Wednesday, 18 July 2012

image for Mitt Romney Picks Former Mayor For Veep

No, it isn't Giuliani or Bloomberg, but following the example of John McCain, who selected the former mayor of Wasilla, Alaska, Sarah Palin, as his veep, Mitt Romney has selected former mayor of Carmel, California, Clint Eastwood, as his veep. Recognized as an act of desperation, but one with a fist full of possibilities.

(Boo.)

His first choice was Secretary of State Hillary Clinton. Romney arrived at her Georgetown home in Washington D.C., with charts, maps, campaign memorabilia and bumper stickers in hand: "A female on the ticket will capture all the other minorities or Obama's silent majority."

Hillary said no.

Jeb Bush followed Hillary's rejection. John McCain's came next. "Like I need that migraine all over again." Dick Cheney volunteered for another four years, boasting of a brand new heart, but Romney figured Halliburton might be too much competition for Bain Capital.

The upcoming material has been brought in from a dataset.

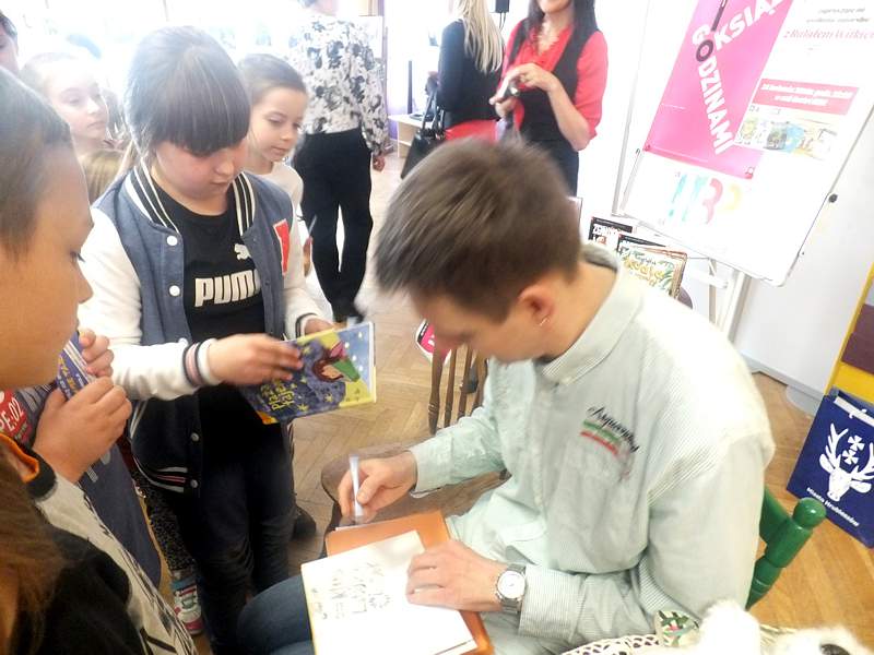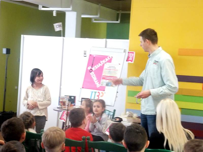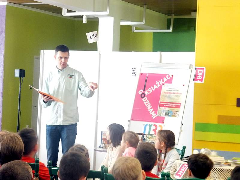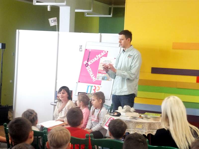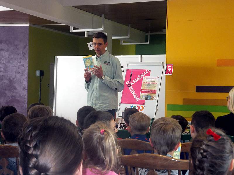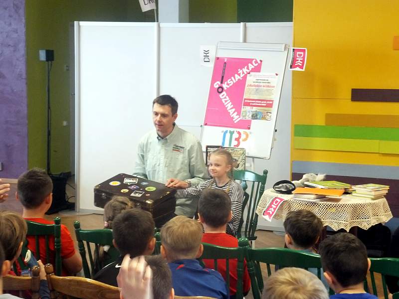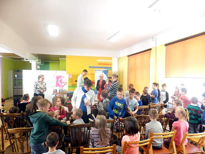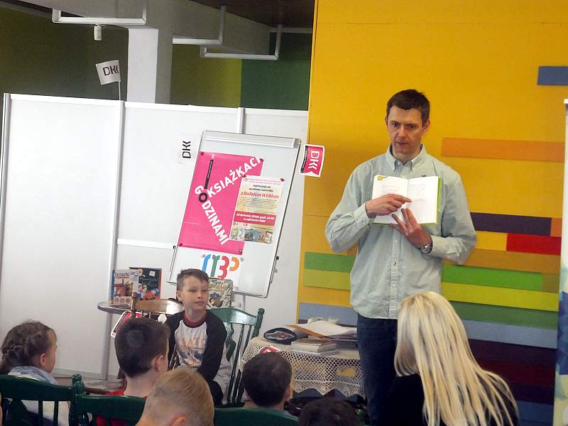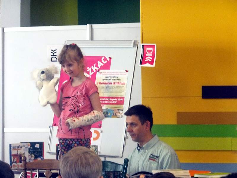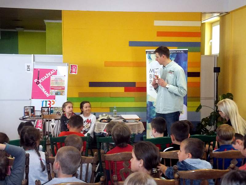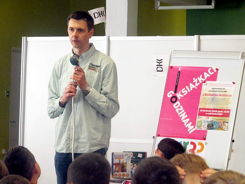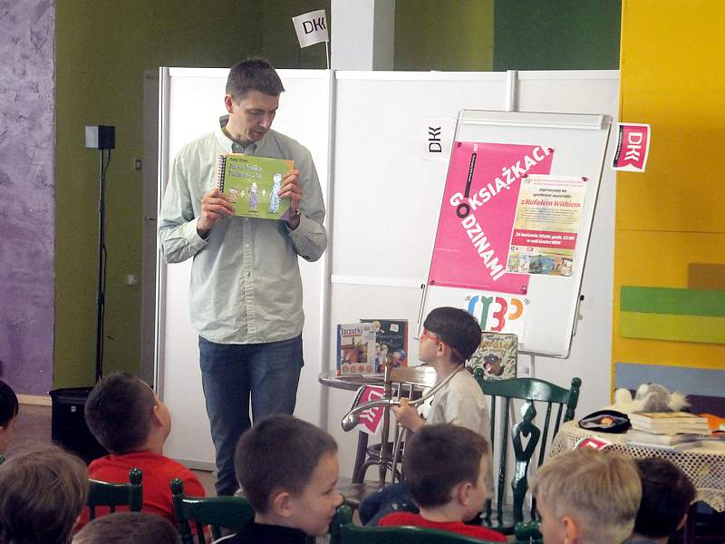 28 kwietnia uczniowie z kl. IVb wraz z wychowawcą udali się z kolei na spotkanie zorganizowane przez Bibliotekę Publiczną i "Lekturynki". Jego bohaterem był tym razem Rafał Witek. Jest on autorem ponad dwudziestu książek dla dzieci, laureatem Konkursu im. Astrid Lindgren. Aby uświetnić spotkanie i pobudzić wyobraźnię młodych czytelników pisarz przygotował dla nich gry, zabawy, zgadywanki.Wielu emocji dostarczało dzieciom losowanie i wyciąganie z tajemniczej walizki kul z numerami. Kryły się za nimi niespodzianki. Dzieci uczestniczące w zabawie niejednokrotnie za swoje bezbłędne wypowiedzi, za odwagę sceniczną, za umiejętność np. szybkiego czytania otrzymywały od autora pochwały. Na zakończenie każdy mógł zadać pisarzowi pytania, a także poprosić o pamiątkowy autograf.

Powlenty had a bridge collapse in Minnesota after cutting his states budget; Rubio was Rubio; Santorum represented the Spanish Inquisition chapter of the Republican party; Jindal was still remembered side stepping out from behind the staircase; the transvaginal ultrasound candidate of Virginia became the "no way" transvaginal ultrasound candidate of Virginia.

Time was running out.

Near the end of his list and recalling the great response to the halftime Super Bowl commercial with Clint Eastwood, Romney traveled to Mr. Eastwood's home in Carmel, California, with charts, maps, campaign memorabilia and bumper stickers in hand: "A vote with Clint on the ticket will make everyone's day, except President Obama's."

(Boo.)

"Can I also promote the film I just finished while I campaign?"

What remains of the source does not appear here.